» Dataset
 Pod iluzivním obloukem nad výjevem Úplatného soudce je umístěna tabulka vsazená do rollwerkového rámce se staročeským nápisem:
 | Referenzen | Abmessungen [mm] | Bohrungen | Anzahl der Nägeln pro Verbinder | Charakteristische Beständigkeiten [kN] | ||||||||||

* * *

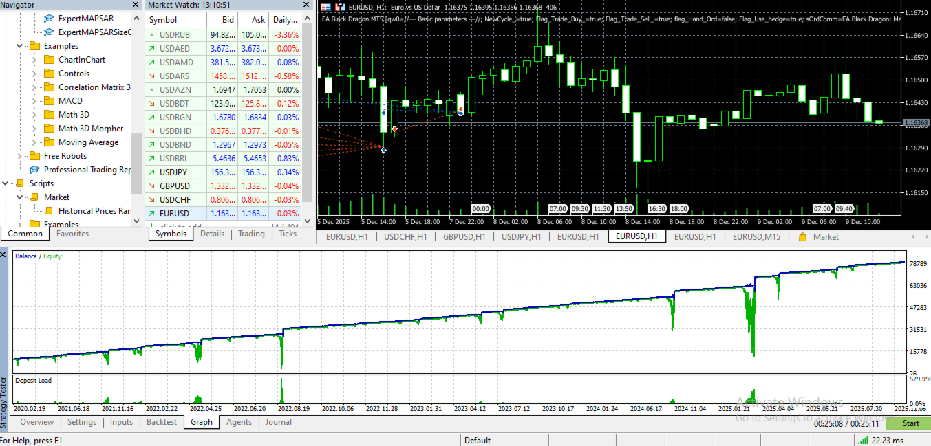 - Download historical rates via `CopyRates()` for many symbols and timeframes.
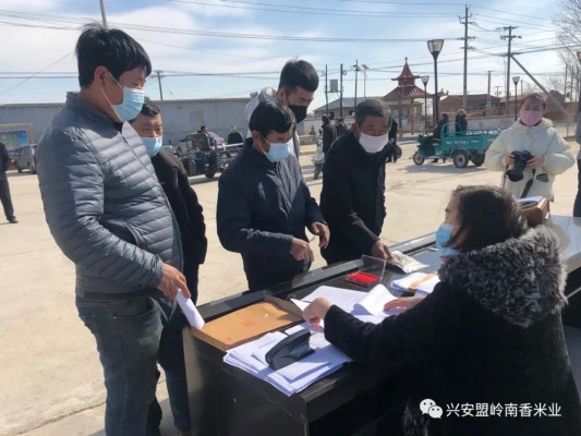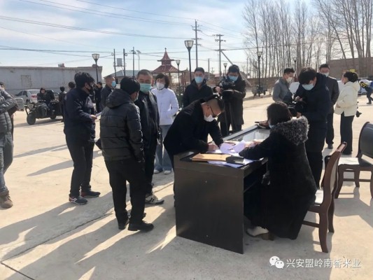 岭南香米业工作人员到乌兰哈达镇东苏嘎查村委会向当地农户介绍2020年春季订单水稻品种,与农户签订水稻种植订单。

» Problem details
What lines above run from the one with "- Download historical" to the one with "岭南香米业工作人员到乌兰哈达"? Give them again exactly, ends included, and leave the pictures out.

» Solved exercise
 - Download historical rates via `CopyRates()` for many symbols and timeframes.
 岭南香米业工作人员到乌兰哈达镇东苏嘎查村委会向当地农户介绍2020年春季订单水稻品种,与农户签订水稻种植订单。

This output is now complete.